What I'm most upset about is the vandalism to the Disneyland Paris version. Though the layout of the attraction is different, it was the last remaining version that retained the spirit and intent of the original. The movie-based vandalisms had not yet been applied, and all the original show scenes were intact, including the pirates chasing the women. When we rode it on our trip to Paris in 2013, I actually began tearing up because I had forgotten what an amazing ride Pirates of the Caribbean used to be. When all the elements work together in a coherent whole, it is one of the best themed attractions ever designed. Or was.

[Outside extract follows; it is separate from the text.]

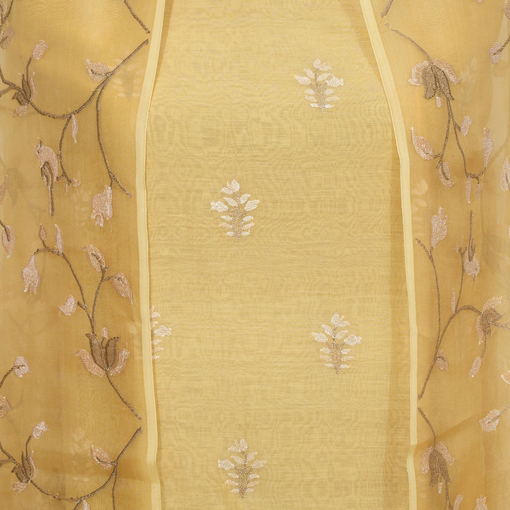Yellow Mul Chanderi Embroidered Unstitched Suit with Embroidered Dupatta

The usual tonedeaf, clueless interviews with Imagineering (including dusting off Marty Sklar) came with the news. One particular nugget, from Kathy Magnum, Sr. VP of Imagineering, sums up the entire problem:  "Our team thought long and hard about how to best update this scene." Any thinking Disney fan knows the appropriate response to this: "WHY?!" The scene didn't need updating. Keen to vandalize the work of their predecessors, they decided to needlessly destroy one of the ride's most iconic scenes and replace it with... nothing. A wry and witty scene that everyone understood was based ultimately in the fact that pirates were bad people is being replaced by a nonsensical scene in which nothing really happens. The new redhead pirate just stands there, the former auctioneer just stands there, and I guess the guys across the shore will be just be sitting there. There is no joke implicit to this scene, and nothing memorable about it. Though I guess in a ride where the highlight is now catching a glimpse of a Jack Sparrow animatronic just standing there, we're expected to take the redhead pirate just standing there as a memorable moment. I'm not even confident that, with this accumulation of changes, what Magnum herself described as "the standard for the theme park industry for half a century" even qualifies as a good attraction anymore.

Some might retort that Disney has to keep changing in order to keep drawing guests, just like how the curators at the Louvre make little changes to the Mona Lisa every year to keep it fresh. I've already wasted my time and breath addressing that particular argument though. Great works of art are timeless because they are great. They don't need to be made "fresh," they don't need to be "updated" to remain relevant. No, I don't hate change: I hate the wanton destruction of great, beautiful, important things.

"Our team thought long and hard about how to best update the
Mona Lisa. The painting has always represented great
Da Vinci storytelling, but it's a story you can
continue to add fun to," said curators at the Louvre.

Some time ago, I watched a video on the question of what would be the "last straw" to finally make you stop going to Disneyland. It occurred to me that if it was anything, it would probably be something that, on it's own, appeared kind of petty and silly. That's because my growing dissatisfaction with Disney is really a death by a thousand small cuts. It's not the addition of Jack Sparrow to Pirates of the Caribbean on its own, or the loss of the Court of Angels on its own, or the truncating of the Rivers of America on its own, or the loss of Big Thunder Ranch on its own, or even the loss of the Twilight Zone Tower of Terror on its own (though that was certainly enough to swear me off California Adventure)... It's the cumulative effect of turning Disneyland into a place that is increasingly alien, inartistic, and unpleasant.

Could this be the last straw? I don't know. But I do wish that when we took our last trip to Disneyland in 2015 that I knew about all the changes that would come in the past year and a half. I would have spent more time savouring what would be lost, understanding the very real possibility that our last trip could well be our last trip.